И брамин, с невероятным воодушевлением и серьезностью, дал волю своему прихотливому воображению, примерно в таком духе:
«Мать Милосердия[586], ты крестишь Эфиром и центральным Огнем, небесной и наднебесной Водой! Отвори нам зодиакальный источник, но не нормальных отливов, а обратных приливов, дабы Духи, откликаясь на наш призыв, явились к нам задом наперед в своем нисхождении, подобно тому, как шли они, обратив свой взор к Тебе, когда поднимались в твоем свете по лестницам Бесконечности!
Дух, умоляю тебя; Душа, заклинаю тебя; жизненный флюид, повелеваю тебе вступить в верховный союз с Сыном Неба, чью руку я держу и который соединяется со мной в заклинательном ритуале!
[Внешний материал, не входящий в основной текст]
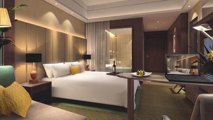 商務(wù)大床房的設(shè)計(jì):此處屬于酒店的標(biāo)準(zhǔn)間,在這里顧客可以辦公與休息,但是此處的辦公環(huán)境不同,讓顧客在愉悅的氛圍中辦公,并支持辦公的各種輸出,以此解決客戶的后顧之憂,當(dāng)顧客品著一杯紅酒休息和辦公,相信這樣的一種氛圍對(duì)人來(lái)說(shuō)本身就是一種享受。

Ангел с мертвыми очами, повинуйся мне, белый цветок из склепа, пустое подобие того, кого оставила земная жизнь и кто взбирается ныне по горным тропам!.. Ангел вечной Майи, отвори свое остывшее святилище, дабы вновь принять святое пламя, что низойдет по моему зову!
Душа-Дух, взываю к тебе, вызываю тебя, заклинаю тебя! Снизойди по моему повелению во флюидическую темницу нового эмбрионата… Мы принудим тебя к этому, я, N***, и он, Креститель, объединенные волей во Зле и во Благе, per fas et nefas…»
Понтифик Кармеля больше не мог этого выносить. Он грузно повалился на пол, не став на колени, а, скорее, распластавшись на животе. Когда брамин искоса взглянул на него, го увидел, что он валялся на полу, торопливо крестясь и в ужасе перебирая зубами четки…
— Кретин, — пробормотал уроженец Востока.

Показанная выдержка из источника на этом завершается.